Reproduce, exactly as they appear, the line containing "裾のドローコードでシルエット" and every line after it, ending with the last line of the records.

Recorded data:
::::::::
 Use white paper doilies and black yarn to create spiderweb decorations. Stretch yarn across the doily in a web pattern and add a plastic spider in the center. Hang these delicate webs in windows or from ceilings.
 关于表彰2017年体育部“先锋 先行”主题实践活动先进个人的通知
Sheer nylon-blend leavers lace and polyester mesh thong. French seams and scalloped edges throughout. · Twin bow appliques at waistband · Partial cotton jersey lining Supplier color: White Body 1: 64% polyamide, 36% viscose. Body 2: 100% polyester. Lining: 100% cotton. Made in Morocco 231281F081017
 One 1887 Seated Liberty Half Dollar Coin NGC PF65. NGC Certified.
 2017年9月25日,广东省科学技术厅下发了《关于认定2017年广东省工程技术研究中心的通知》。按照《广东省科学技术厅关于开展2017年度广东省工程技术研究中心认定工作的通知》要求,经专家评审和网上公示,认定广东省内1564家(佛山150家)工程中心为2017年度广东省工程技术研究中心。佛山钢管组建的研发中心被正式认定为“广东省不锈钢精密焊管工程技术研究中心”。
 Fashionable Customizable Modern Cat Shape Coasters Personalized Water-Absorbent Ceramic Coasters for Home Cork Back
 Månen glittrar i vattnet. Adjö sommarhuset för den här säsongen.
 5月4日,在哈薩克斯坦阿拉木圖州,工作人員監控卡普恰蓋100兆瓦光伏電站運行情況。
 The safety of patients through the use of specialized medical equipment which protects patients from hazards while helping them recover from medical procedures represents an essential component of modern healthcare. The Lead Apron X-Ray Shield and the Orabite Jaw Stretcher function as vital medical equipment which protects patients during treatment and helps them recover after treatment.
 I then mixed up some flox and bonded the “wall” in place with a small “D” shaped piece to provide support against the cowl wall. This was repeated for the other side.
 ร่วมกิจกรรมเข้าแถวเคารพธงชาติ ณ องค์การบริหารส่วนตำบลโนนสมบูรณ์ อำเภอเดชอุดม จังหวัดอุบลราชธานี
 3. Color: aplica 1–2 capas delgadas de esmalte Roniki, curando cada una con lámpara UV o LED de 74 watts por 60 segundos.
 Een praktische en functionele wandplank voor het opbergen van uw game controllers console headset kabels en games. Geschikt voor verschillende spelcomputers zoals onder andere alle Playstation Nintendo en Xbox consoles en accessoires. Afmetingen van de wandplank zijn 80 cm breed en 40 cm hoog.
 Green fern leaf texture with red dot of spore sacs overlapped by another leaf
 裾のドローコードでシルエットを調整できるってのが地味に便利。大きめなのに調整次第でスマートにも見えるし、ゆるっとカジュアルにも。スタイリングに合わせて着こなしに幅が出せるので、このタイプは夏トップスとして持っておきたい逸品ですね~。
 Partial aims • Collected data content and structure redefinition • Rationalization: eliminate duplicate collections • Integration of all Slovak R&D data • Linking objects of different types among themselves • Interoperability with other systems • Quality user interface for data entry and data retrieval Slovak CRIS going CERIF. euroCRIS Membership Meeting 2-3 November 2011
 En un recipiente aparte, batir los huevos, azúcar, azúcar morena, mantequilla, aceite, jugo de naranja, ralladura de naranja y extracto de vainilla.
::::::::
**Result:**
 裾のドローコードでシルエットを調整できるってのが地味に便利。大きめなのに調整次第でスマートにも見えるし、ゆるっとカジュアルにも。スタイリングに合わせて着こなしに幅が出せるので、このタイプは夏トップスとして持っておきたい逸品ですね~。
 Partial aims • Collected data content and structure redefinition • Rationalization: eliminate duplicate collections • Integration of all Slovak R&D data • Linking objects of different types among themselves • Interoperability with other systems • Quality user interface for data entry and data retrieval Slovak CRIS going CERIF. euroCRIS Membership Meeting 2-3 November 2011
 En un recipiente aparte, batir los huevos, azúcar, azúcar morena, mantequilla, aceite, jugo de naranja, ralladura de naranja y extracto de vainilla.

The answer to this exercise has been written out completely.